**WHAT YOU ARE ASKED TO DO**:
Could you give back exactly the lines below from the one with "This REI Rash" through the one with "We’re proud to", without a single picture?

**STORED DATA**:

--------

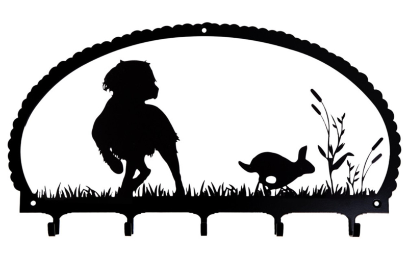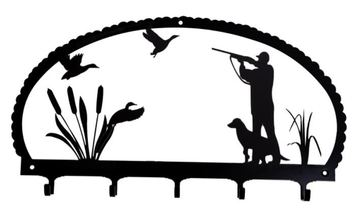 Artikelnummer: kr10 OverzichtLeuk metalen hangrek om uw sleutels, hondenlijntjes, dummy's aan op te hangen. Gemaakt van zwart gelakt gecalvaniseerd staal, afmeting circa 43 x 25 cm. Verkrijgbaar met spaniel, jager met hond en een Weimaraner. Andere hondenrassen op aanvraag.
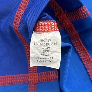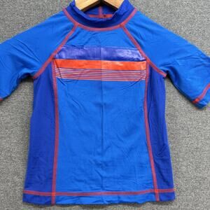 This REI Rash Guard Shirt for boys, size XXS (4-5 years), features a bold blue design with red striped detailing on the chest. Ideal for surfing, swimming, or any water activities, this rash guard offers UV protection and comfort for your little one. Perfect for keeping them safe from the sun while looking stylish at the beach or pool.
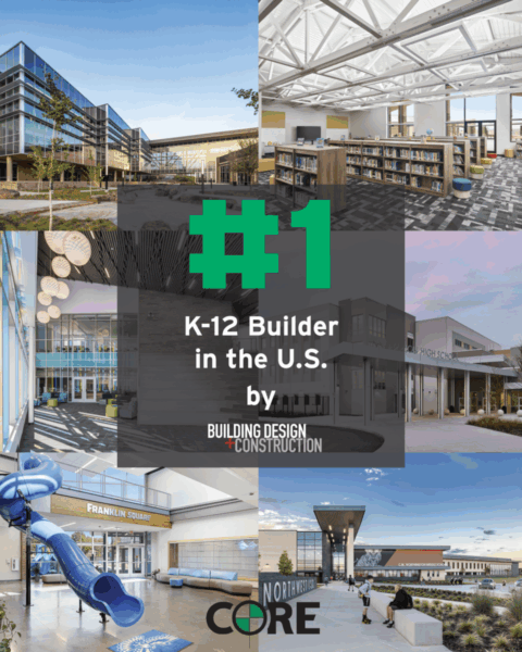 We’re proud to share that CORE Construction has been recognized as the #1 K-12 Builder in the United States by BD+C. This achievement reflects our long-standing commitment to building exceptional learning environments that empower students, educators, and communities across the nation.
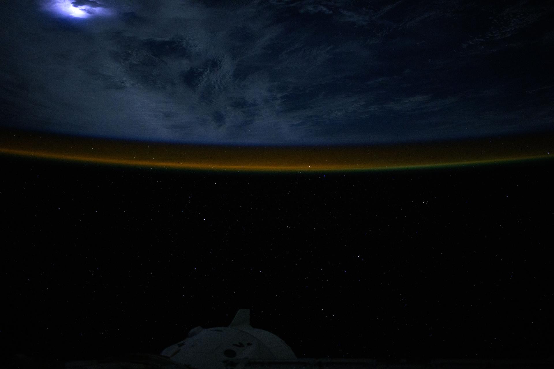iss073e0203588 (May 19, 2025) --- Lightning (upper left) illuminates the clouds and an atmospheric glow blankets Earth's horizon in this photograph from the International Space Station as it orbited 264 miles above the Atlantic Ocean off the coast of southern Brazil. At bottom, is the SpaceX Dragon crew spacecraft docked to the orbital outpost's forward port on the Harmony module.
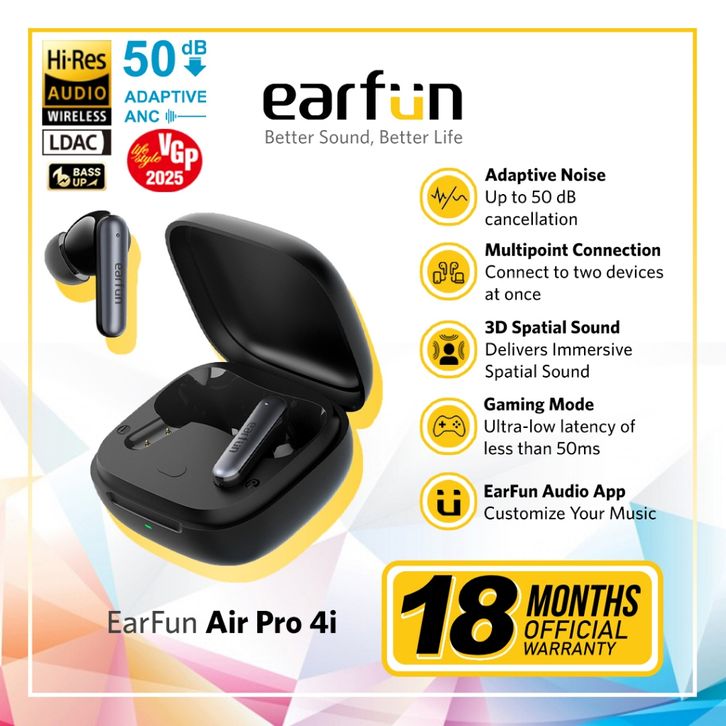EarFun Air Pro 4i - Noise Free ANC TWS with 6 AI ENC Mic for Clear Sound
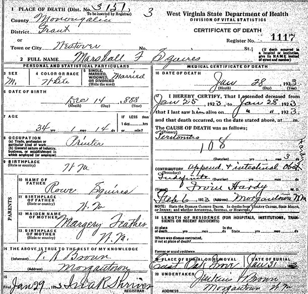 Jul-28-2018Husband: Marshall Franklin Squires Born: Dec-14-1888 1,2 Died: Jan- 9-1923 in Westover, Monongalia Co, WV 1,2 Buried: in East Oak Grove Cemetery, Morgantown, Monongalia Co, WV 1 Cause of death: peritonitis 1 Resided: in Morgantown, Monongalia Co, WV 3 Census: 1920 in Morgantown, Monongalia Co, WV Occupation: printer 1,4 Father: Rowe Squires Mother: Margery Feather (1857 - 1943)
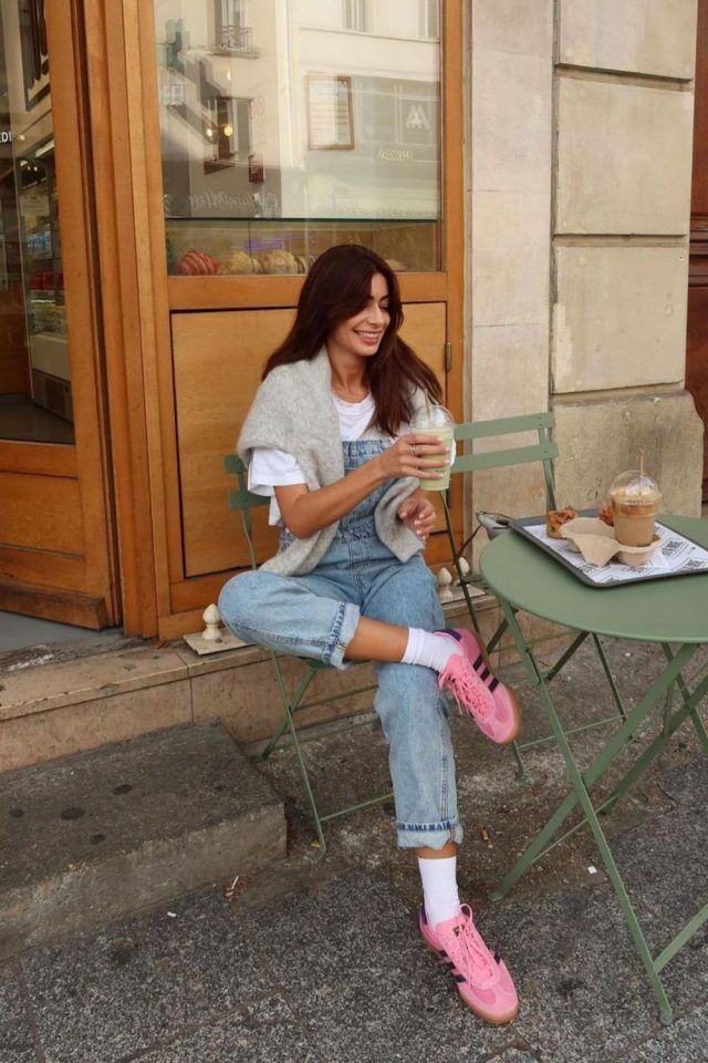 Rolled-up cuffs and white crew socks enhance the cool, carefree aesthetic. Bright pink Adidas Gazelle sneakers are injecting a fun pop of color that makes the outfit feel fresh and modern.
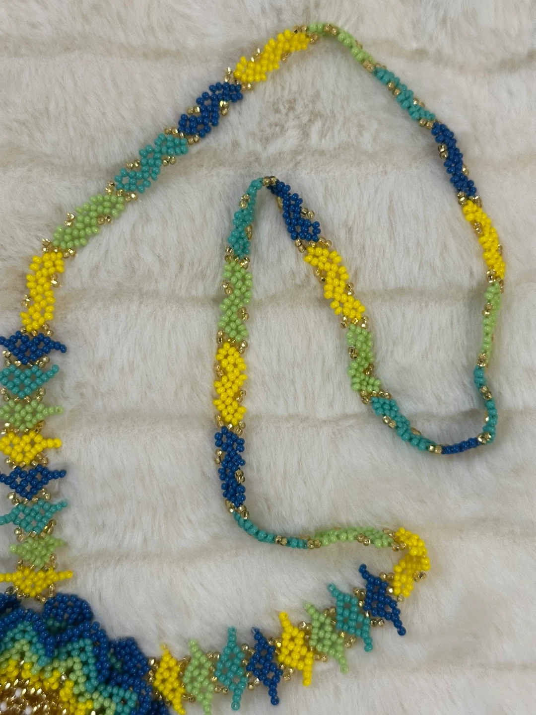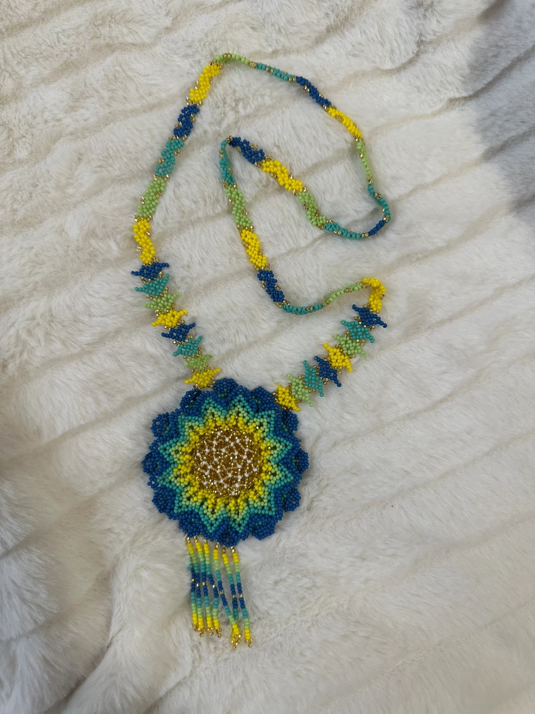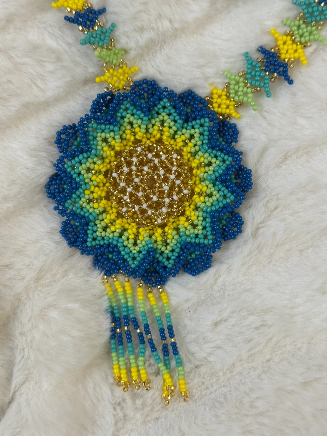This handmade necklace features a vibrant beaded flower pendant. It's strung with colorful beads in blue, green, and yellow with gold accents. Perfect to add a unique style to any outfit.

--------

**SOLVED PROBLEM**:
 This REI Rash Guard Shirt for boys, size XXS (4-5 years), features a bold blue design with red striped detailing on the chest. Ideal for surfing, swimming, or any water activities, this rash guard offers UV protection and comfort for your little one. Perfect for keeping them safe from the sun while looking stylish at the beach or pool.
 We’re proud to share that CORE Construction has been recognized as the #1 K-12 Builder in the United States by BD+C. This achievement reflects our long-standing commitment to building exceptional learning environments that empower students, educators, and communities across the nation.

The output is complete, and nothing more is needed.